There is a huge trend for investors to put their money into companies that follow a strong moral mission. For example, some physician investors will seek out the stocks of companies that have a minimal carbon footprint or donate a portion of their proceeds to charity. The idea is to achieve a profit while contributing to good works within the world. Some financial advisors caution that investing in only good-guy companies may expose you to a lack of diversification. And here is where we take a little walk on the dark side.

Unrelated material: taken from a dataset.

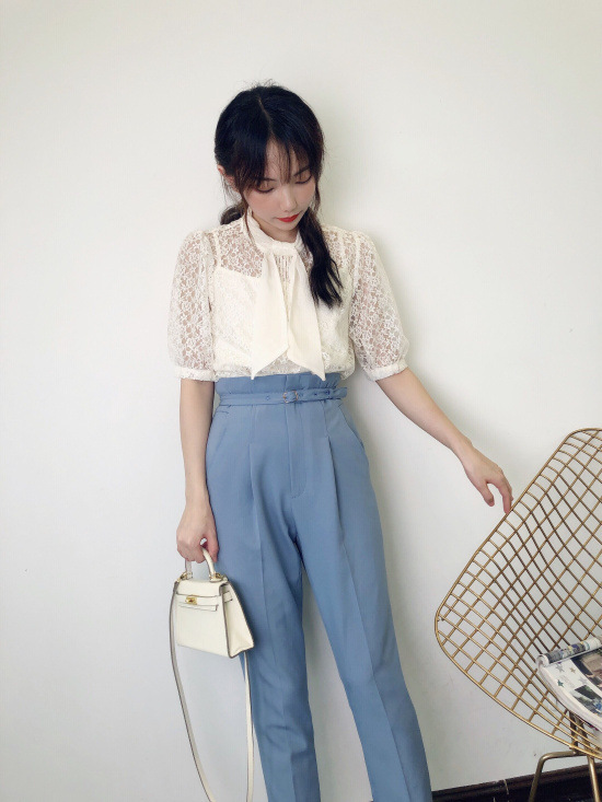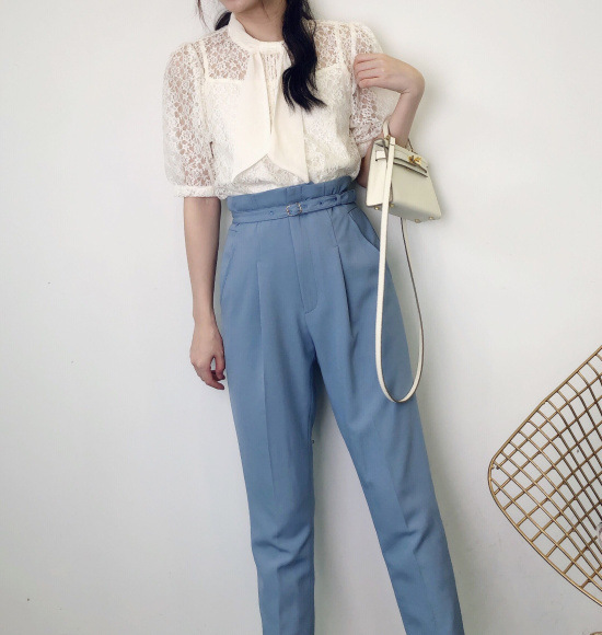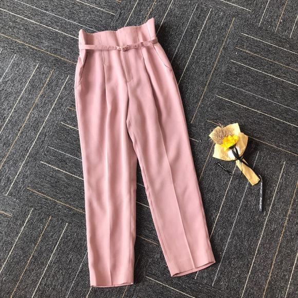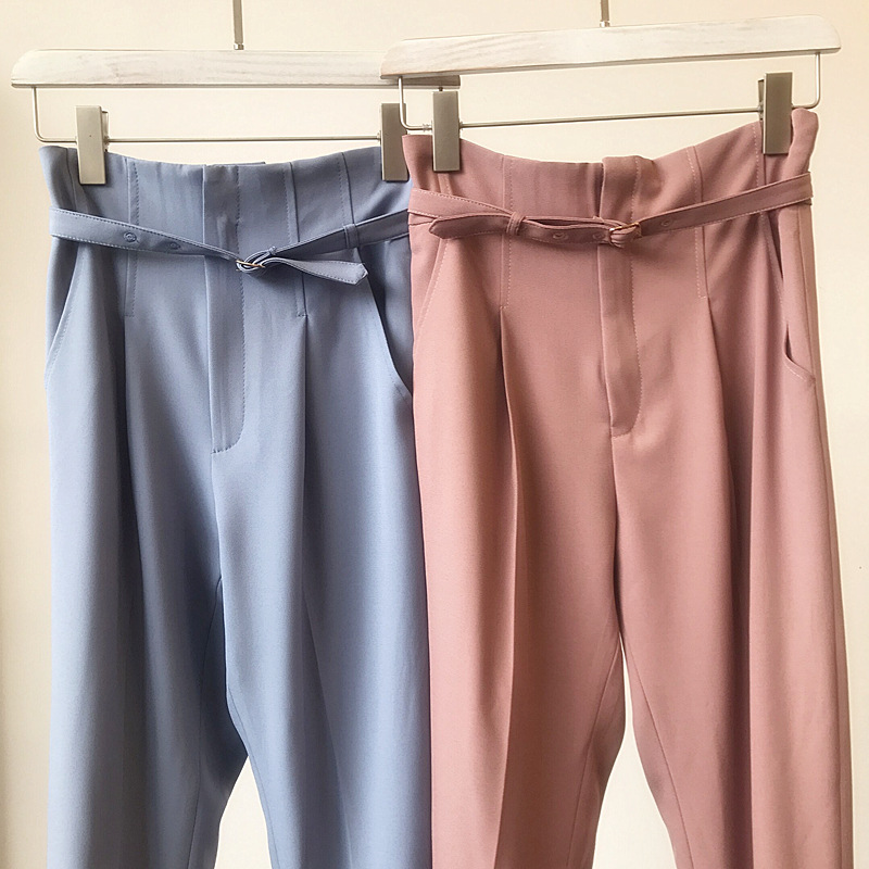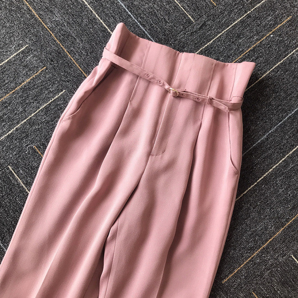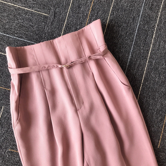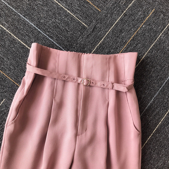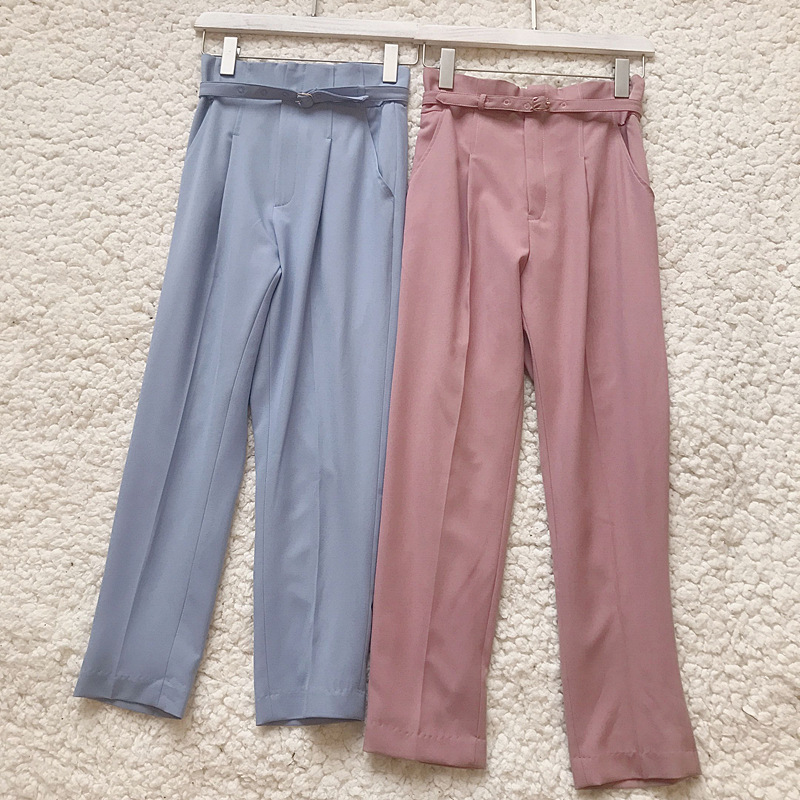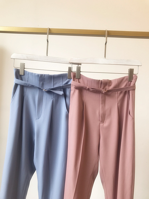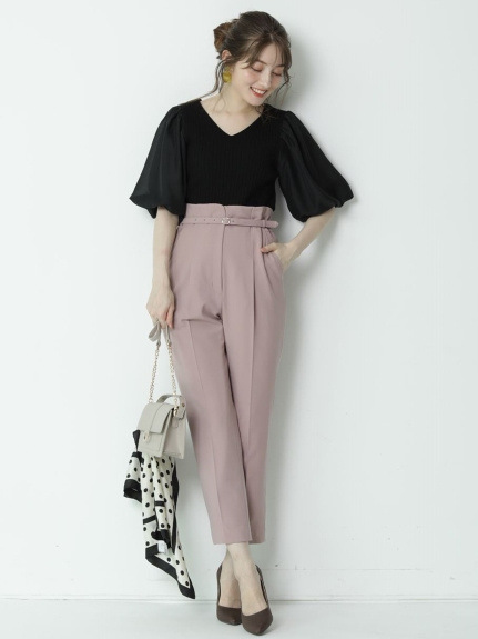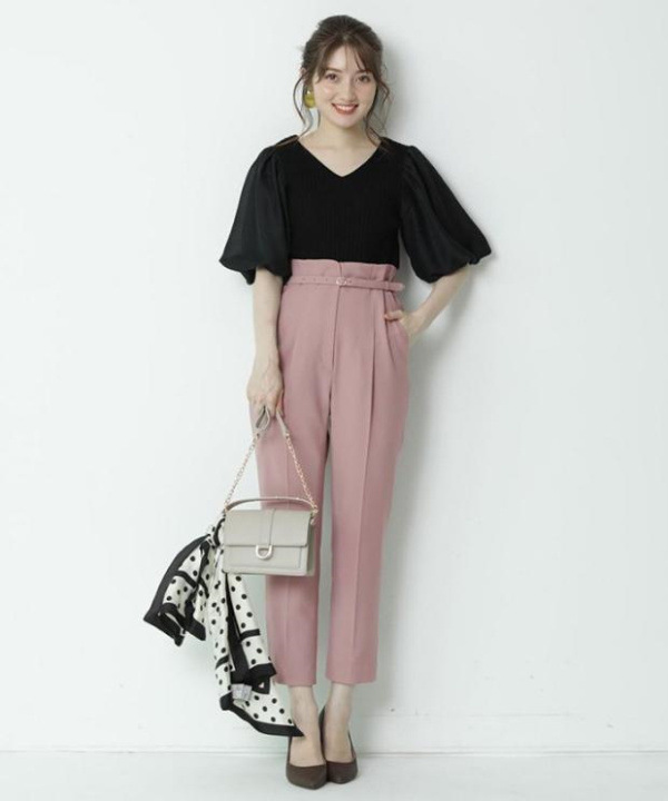 華奢なベルト付きデザインで女性らしさを引き立てる、上品クラシカルなパンツ。

Sin stocks are investments in companies that can come into conflict with the Puritanical values of our country. We are not talking about unethical business practices or illegal pursuits; we are talking about the companies that cater to bad habits or bad choices that so many of us are compelled to make from time to time. According to Forbes, although there is no definitive list as to what constitutes a sin stock, or vice stock, there is a clear “I’ll know it when I see it” mentality when it comes to these bad boys of investing. A generalized idea of the types of stocks usually includes alcohol, gambling, tobacco, and weapons. Marijuana companies are also starting to be included, and some may even argue that fast food should be a part of this grouping.
For those physician investors who approach their portfolios with pragmatism, sin stocks should not be discounted. Because of their reputation, they are often undervalued but still perform well with regularity. Think about how well alcohol stocks performed during the pandemic.
For those investors who are squeamish about investing in companies that take advantage of human weaknesses and vices, take a moment to remember how much a part of our lives some of these brands are. Anheuser-Busch (alcohol), Wynn Resorts (casinos), and Pfizer (manufacturing birth control) are all considered by some to be sin stocks, and if you own mutual funds or index funds, they are probably lurking in your holdings.
When choosing stocks based on a moral compass, or an amoral compass, it is important to remember that the same tried and true methods of smart investing apply. Be informed. Be rational. Be diversified. And take guidance from an experienced professional.